Previously the check verifying that a node has connected to its upstream
merely assumed the presence of a record in pg_stat_replication indicates
a successful replication connection. However the record may contain a
state other than "streaming", typically "startup" (which will occur when
a node has diverged from its upstream and will therefore never
transition to "streaming"), which needs to be taken into account when
considering the state of the replication connection to avoid false
positives.
repmgr creates a file with a list of tablespace files to fetch from
Barman, however the file may not actually have been flushed to disk
at the point the rsync operation was executed, so may be incomplete
or empty.
Also fix handling of tablespace remapping.
Addresses GitHub #650.
We omitted to do this with the connections used when checking the system
identifier, which means libpq calls by the teardown function using the
pointer risk using unallocated memory.
Addresses issue reported in GitHub #644.
Add a sanity check that rempgr, when remotely executed on the demotion
candidate, is able to connect as superuser. If not, emit a diagnostic
command as a hint.
It's useful to have a confirmation of which database repmgr is trying
to connect to when the -S/--superuser connection is provided.
It will always be the database defined in the repmgr.conf "conninfo"
parameter, but having the name available is useful when e.g.
troubleshooting issues with .pgpass configuration.
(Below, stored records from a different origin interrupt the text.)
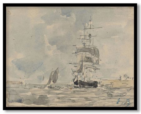 Seascape with Sailing Vessel by Eugène Boudin (c. 1875)
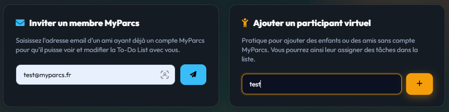 Votre conjoint(e) ou vos amis ont déjà créé un compte sur MyParcs ? Parfait ! Dans le bloc bleu de gauche "Inviter un membre MyParcs", saisissez simplement l'adresse email associée à leur compte, puis cliquez sur le bouton d'envoi. Ils seront instantanément ajoutés à votre séjour et auront accès aux outils partagés !
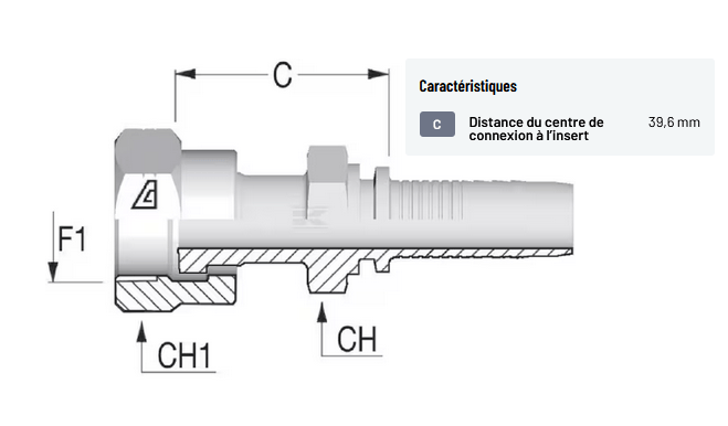 𝐂 𝐃𝐢𝐬𝐭𝐚𝐧𝐜𝐞 𝐝𝐮 𝐜𝐞𝐧𝐭𝐫𝐞 𝐝𝐞 𝐜𝐨𝐧𝐧𝐞𝐱𝐢𝐨𝐧 𝐚̀ 𝐥’𝐢𝐧𝐬𝐞𝐫𝐭 : 39,6 mm
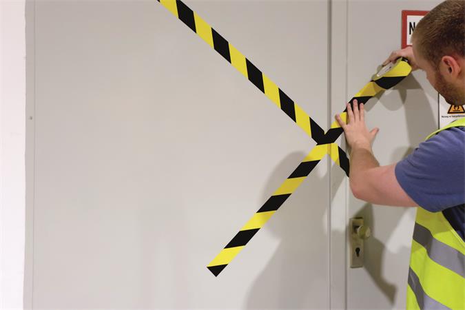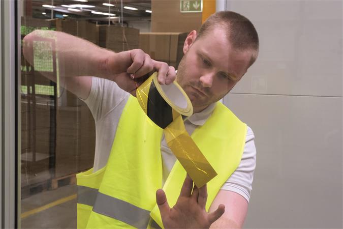 Samolepiaca podlahová označovacia páska na dočasné označenie a identifikáciu pevných alebo pohyblivých objektov a povrchov. Použitie gumového lepidla robí pásku z mäkkého PVC veľmi prispôsobivou.

Output a command, which when excuted on the local node (promotion
candidate) will attempt to remotely connect to the demotion candidate
and display both the connection message encountered and the connection
parameters used.
This is useful for corner-cases where the connection normally succeeds if a
particular environment variable (e.g. PGPORT) is normally set, but is
not set in the environment where SSH is executed.
Explicitly log if a database connection failure caused the check
to fail.
It's unlikely this situation will be encountered, as the data directory
check will already have run and checked for connection failure, however
there's a small chance the connection could fail between checks.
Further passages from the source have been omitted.